Peter Hitchens: ‘The Rage Against God’

‘It’s Bolshevism for the Home Counties’  Interesting interview with the brother of Christopher Hitchens of ‘God is not Great’, fame. Peter Hitchens tells Ed West of The Catholic Herald, 30 April 2010, that the New Atheism promoted by his brother, Christopher, is corroding our culture. He concludes:

“Who is Dawkins’s main opponent? Himself. Who is my brother’s main opponent? Himself. The fact that he is interested suggests to me he is at least open to the possibility.”

Here is a potted biography of this very English, Englishman:

At the age of 15 Peter Hitchens burned his Bible, leaving the Holy Book a “disagreeable, half-charred mess” and the teenager with a sense of anti-climax. It was his “year zero”, and he went on to develop, throughout his late teens and 20s, the typical “enlightened English person’s scorn for faith”, a feeling he characterises by Virginia Woolf’s words upon hearing that T S Eliot had become a Christian: “He may be called dead to us from this day forward.”

Christianity was one of the “nursery myths” that the progressive post-war generation had put behind them as they built a glorious new future and overturned the old order.

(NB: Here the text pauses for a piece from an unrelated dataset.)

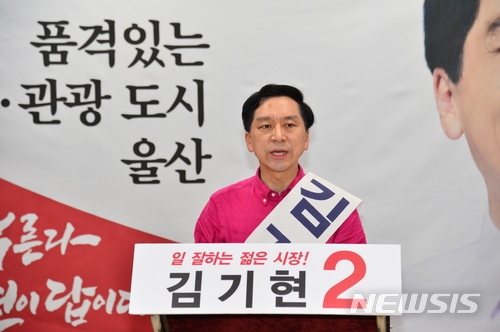 【울산=뉴시스】안정섭 기자 = 28일 자유한국당 김기현 울산시장 후보가 울산시의회 프레스센터에서 기자회견을 열고 정치후원금 편법 수수 의혹과 관련해 자신의 입장을 밝히고 있다. 2018.05.28.

They were very successful: today the post-war cultural revolution is complete, but Hitchens is its most notable critic. It would be wrong to call him a “born-again Christian”, for he’s far too English for that. Neither did Hitchens have a Damascene moment as such; rather, in his early 30s he began to feel drawn back, despite the social disapproval. But it was while gazing at Rogier van der Weyden’s Last Judgment, a 500-year-old painting that shows in graphic detail the torment of sinners in hell, which he saw while on a cycling holiday in Burgundy, that he realised he was a Christian again.

The Rage Against God: Why Faith is the Foundation of Civilisation is published by Continuum, priced £16.99.